Project Proposal: No-Wait Fork-Join Continuation Stealing Framework
Zhengjia Cao (zhengjic) & Jingzhi Zhang (jingzhi2) November 9, 2022
We would like to implement a fork/join parallel framework with working stealing in C++. We will discuss the trade-off between implementation designs (e.g., Child-stealing strategy vs. Continuation stealing, Different implementation of distributed work queue, etc.) and measure their performance. On multi-core PSC machines, we would also like to implement the wait-free strand coordination method mentioned in Nowa [1] and reproduce their benchmark against Cilk plus, TBB and OpenMP.
The URL of project web page is https://euigfdbguiwerin93.github.io/project-proposal/.
For modern computer with multiple cores, scalability of parallelism is important. Fully strict Fork/Join model of concurrent run-time (like Cilk) can guarantee scalability by dynamically allocating and divide tasks until each task reaches a certain granularity. Once the subtasks have been created, threads can execute these subtasks in parallel until they’ve reached the barrier created by Join and continue to execute in sequential order. Program that requires heavy-workload computations can benefit from the model without too much overhead.
However, the scalability of most of current fully strict Fork/Join models suffer from the locking used in the system implementation. Nowa [1] presents a wait-free continuation stealing approach to further scale the parallelism on machine with large number of processing units. We will follow the same design and transform hazardous race conditions and replace the requirement of using a lock with atomic counters.
There are mainly two challenges of implementing the framework: Firstly, we need to come up with an implementation that minimize the scheduling cost
Figure 1: Illustration of a basic fork-join model
and consider different tradeoffs between different stealing policies and lock-free synchronization methods. Secondly, we need to design different scenarios and test the speedup of our fork-join framework against Cilk and OpenMP on different hardware settings. We’d like to understand the results and analyze which tradeoff in design and implementation is responsible for the difference in performance.
We will build our implementation of the framework. However, we will borrow some of the idea from existing implementations like :
Nowa Source Code: https://gitlab.cs.fau.de/i4/manycore/nowa/-/tree/master/
Basic fork-join model: https://github.com/chaoran/fibril/
Implement the basic fork-join model with distributed work queue
Improve the framework to be wait-free and reproduce the result from nowa
Test and compare the framework with other fork-join frameworks (e.g. Cilk) and discuss the tradeoffs.

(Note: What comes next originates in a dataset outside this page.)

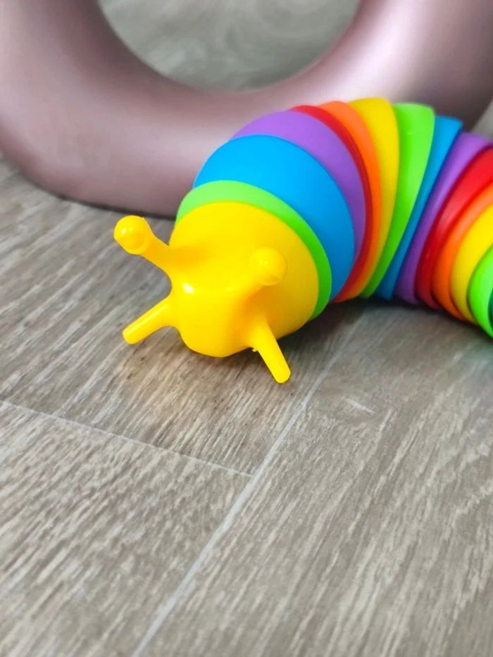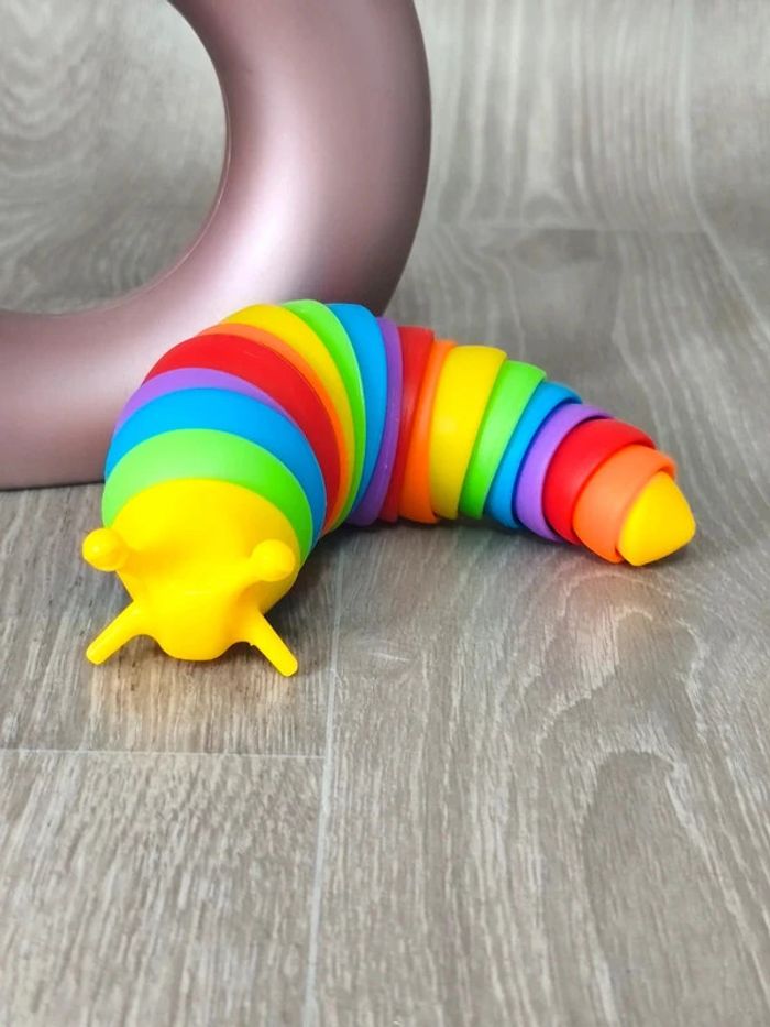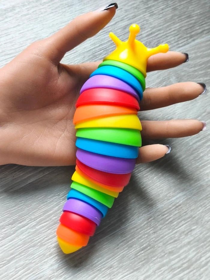 📍Limace articulée arc-en-ciel. 📍Tactile et amusante à manipuler, cette limace très flexible dans votre main et agréable à toucher. 📍Les sons légers qu'on entend quand on la manipule sont relaxants. 📍Cette limace est un jouet sensoriel qui permet de soulager l'anxiété, de se détendre... 📍Ce jouet peut être utilisé en toute sécurité par les enfants. Dimension : 15 à 19 cm 👉Pour trouver d'autres accessoires c'est par ici : 🔎#elisabethDesignSensoriel 📫⏳ Envoi rapide et soigné le jour même de l'achat dans la mesure du possible! 🤝 Frais de port ajusté au plus bas.

From the perspective of software, we would like to use the co-routines in C++ 20 to implement the continuation-stealing scheduler. As for hardware, our bottleneck is CPU, so we will develop our code on GHC 8-core machines and do benchmark on PSC 128-core ones.

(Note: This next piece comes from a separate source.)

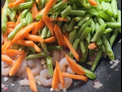 COOKING FRENCH BEANS CARROT WITH PRAWN RECIPE #shorts #Prawn #green beans #carrot #setegry vlog
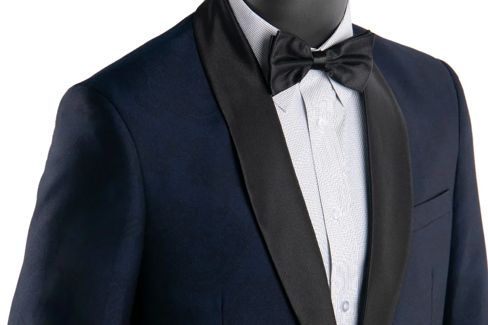 à Bleu Noir Châle Fait Mariage Smokings Homme De Motifs Revers

Week 1: literature review; interface design
Week 2: data structure implementation, mainly about distributed work queue
Week 3: basic work-stealing algorithm implementation
Week 4: wait-free synchronization mechanism implementation
Milestone Report Due: Wednesday, November 30th, 9:00am
Week 5: benchmark; performance-based improvement; visualization
Week 6: report writing; poster preparation
Final Report Due: Saturday, December 17th, 11:59pm
Poster Session: Sunday, December 18th, 1:00-4:00pm